§ REQUIRED WORK: Pictures stay out; print the rest of the listing below exactly as it stands.
=== Begin Enclosure ===
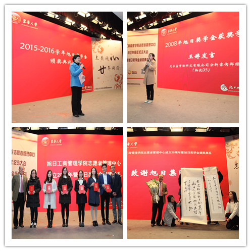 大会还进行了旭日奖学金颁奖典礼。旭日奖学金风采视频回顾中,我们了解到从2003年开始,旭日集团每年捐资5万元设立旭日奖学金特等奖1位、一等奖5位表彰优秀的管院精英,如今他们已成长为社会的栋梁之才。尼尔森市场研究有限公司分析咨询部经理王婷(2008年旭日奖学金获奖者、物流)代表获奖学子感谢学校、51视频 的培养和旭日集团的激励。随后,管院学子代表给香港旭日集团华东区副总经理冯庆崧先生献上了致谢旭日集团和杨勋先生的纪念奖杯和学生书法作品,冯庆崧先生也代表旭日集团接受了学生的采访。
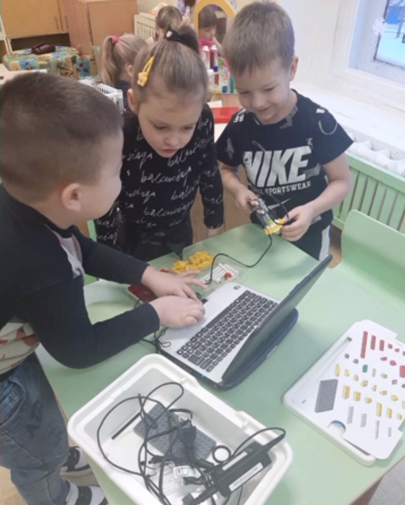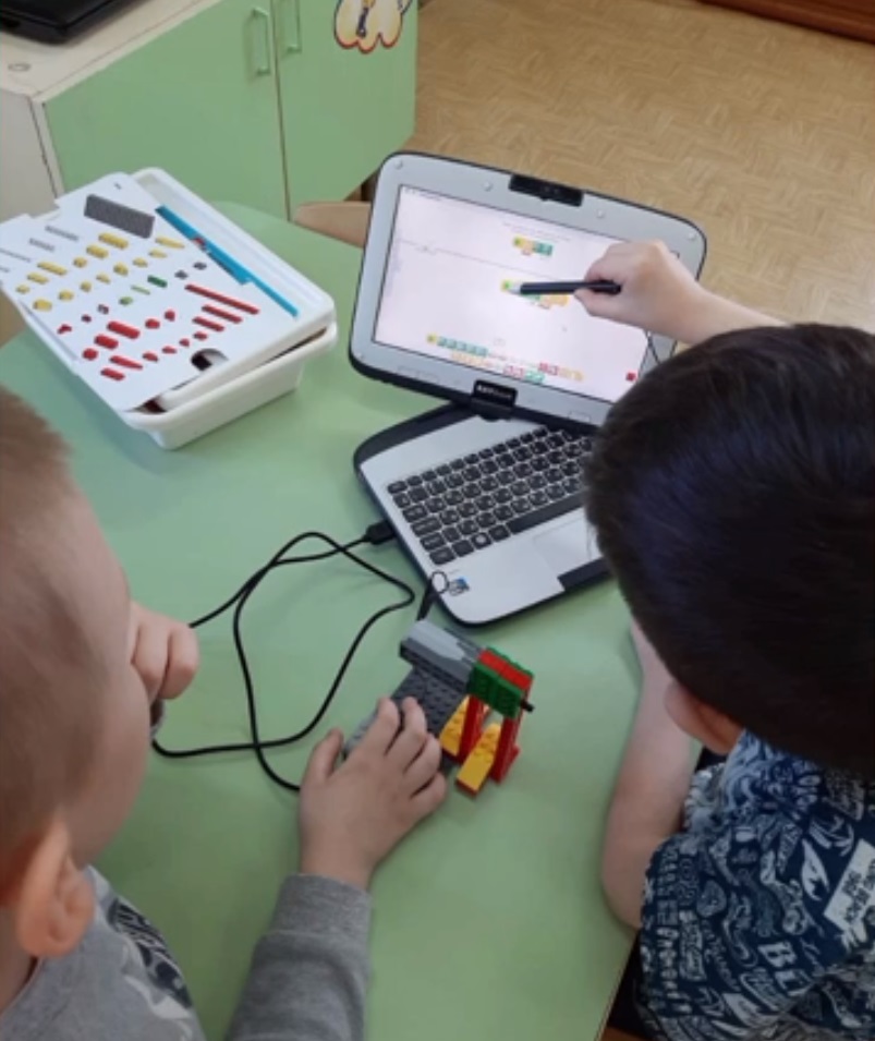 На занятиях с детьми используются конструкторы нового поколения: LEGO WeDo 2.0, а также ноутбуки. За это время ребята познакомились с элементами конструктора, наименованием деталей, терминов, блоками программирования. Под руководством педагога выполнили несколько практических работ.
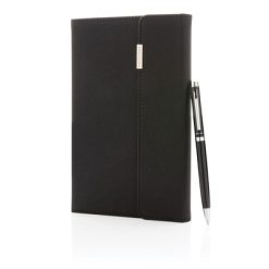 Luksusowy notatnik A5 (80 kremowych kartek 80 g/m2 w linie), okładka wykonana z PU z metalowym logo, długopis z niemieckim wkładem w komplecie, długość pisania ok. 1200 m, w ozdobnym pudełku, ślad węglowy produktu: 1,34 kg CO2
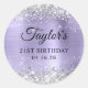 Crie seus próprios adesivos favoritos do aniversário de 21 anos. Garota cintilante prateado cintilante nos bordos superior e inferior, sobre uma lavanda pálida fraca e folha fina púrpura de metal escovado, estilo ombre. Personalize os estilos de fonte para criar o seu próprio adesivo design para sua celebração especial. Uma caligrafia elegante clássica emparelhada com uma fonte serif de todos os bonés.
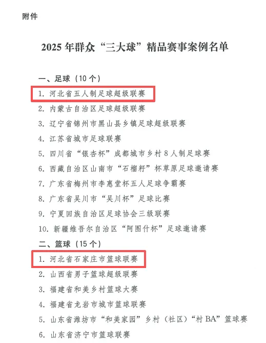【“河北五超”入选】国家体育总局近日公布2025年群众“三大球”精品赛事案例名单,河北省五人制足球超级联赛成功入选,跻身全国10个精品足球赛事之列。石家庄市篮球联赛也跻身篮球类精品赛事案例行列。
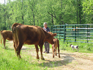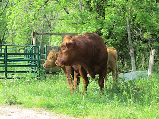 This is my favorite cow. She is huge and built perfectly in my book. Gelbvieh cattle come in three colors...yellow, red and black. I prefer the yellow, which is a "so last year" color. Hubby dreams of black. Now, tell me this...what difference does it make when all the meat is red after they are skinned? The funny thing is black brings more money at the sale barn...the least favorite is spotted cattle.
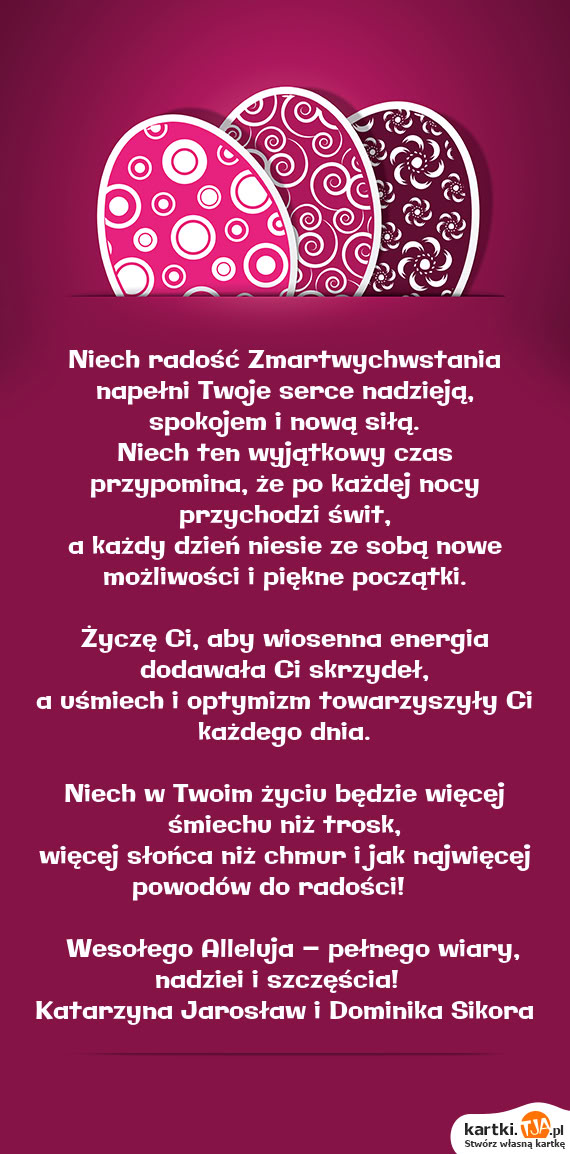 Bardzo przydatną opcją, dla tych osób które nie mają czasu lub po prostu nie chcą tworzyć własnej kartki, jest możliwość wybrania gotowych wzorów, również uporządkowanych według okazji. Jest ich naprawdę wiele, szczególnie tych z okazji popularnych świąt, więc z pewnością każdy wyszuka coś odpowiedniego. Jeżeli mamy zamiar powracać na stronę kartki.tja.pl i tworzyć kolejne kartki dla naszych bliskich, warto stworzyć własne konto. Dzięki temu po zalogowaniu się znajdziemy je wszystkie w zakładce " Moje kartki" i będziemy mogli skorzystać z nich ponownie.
=== End Enclosure ===
§ ANSWER BOX:
 大会还进行了旭日奖学金颁奖典礼。旭日奖学金风采视频回顾中,我们了解到从2003年开始,旭日集团每年捐资5万元设立旭日奖学金特等奖1位、一等奖5位表彰优秀的管院精英,如今他们已成长为社会的栋梁之才。尼尔森市场研究有限公司分析咨询部经理王婷(2008年旭日奖学金获奖者、物流)代表获奖学子感谢学校、51视频 的培养和旭日集团的激励。随后,管院学子代表给香港旭日集团华东区副总经理冯庆崧先生献上了致谢旭日集团和杨勋先生的纪念奖杯和学生书法作品,冯庆崧先生也代表旭日集团接受了学生的采访。
 На занятиях с детьми используются конструкторы нового поколения: LEGO WeDo 2.0, а также ноутбуки. За это время ребята познакомились с элементами конструктора, наименованием деталей, терминов, блоками программирования. Под руководством педагога выполнили несколько практических работ.
 Luksusowy notatnik A5 (80 kremowych kartek 80 g/m2 w linie), okładka wykonana z PU z metalowym logo, długopis z niemieckim wkładem w komplecie, długość pisania ok. 1200 m, w ozdobnym pudełku, ślad węglowy produktu: 1,34 kg CO2
 Crie seus próprios adesivos favoritos do aniversário de 21 anos. Garota cintilante prateado cintilante nos bordos superior e inferior, sobre uma lavanda pálida fraca e folha fina púrpura de metal escovado, estilo ombre. Personalize os estilos de fonte para criar o seu próprio adesivo design para sua celebração especial. Uma caligrafia elegante clássica emparelhada com uma fonte serif de todos os bonés.
【“河北五超”入选】国家体育总局近日公布2025年群众“三大球”精品赛事案例名单,河北省五人制足球超级联赛成功入选,跻身全国10个精品足球赛事之列。石家庄市篮球联赛也跻身篮球类精品赛事案例行列。
 This is my favorite cow. She is huge and built perfectly in my book. Gelbvieh cattle come in three colors...yellow, red and black. I prefer the yellow, which is a "so last year" color. Hubby dreams of black. Now, tell me this...what difference does it make when all the meat is red after they are skinned? The funny thing is black brings more money at the sale barn...the least favorite is spotted cattle.
 Bardzo przydatną opcją, dla tych osób które nie mają czasu lub po prostu nie chcą tworzyć własnej kartki, jest możliwość wybrania gotowych wzorów, również uporządkowanych według okazji. Jest ich naprawdę wiele, szczególnie tych z okazji popularnych świąt, więc z pewnością każdy wyszuka coś odpowiedniego. Jeżeli mamy zamiar powracać na stronę kartki.tja.pl i tworzyć kolejne kartki dla naszych bliskich, warto stworzyć własne konto. Dzięki temu po zalogowaniu się znajdziemy je wszystkie w zakładce " Moje kartki" i będziemy mogli skorzystać z nich ponownie.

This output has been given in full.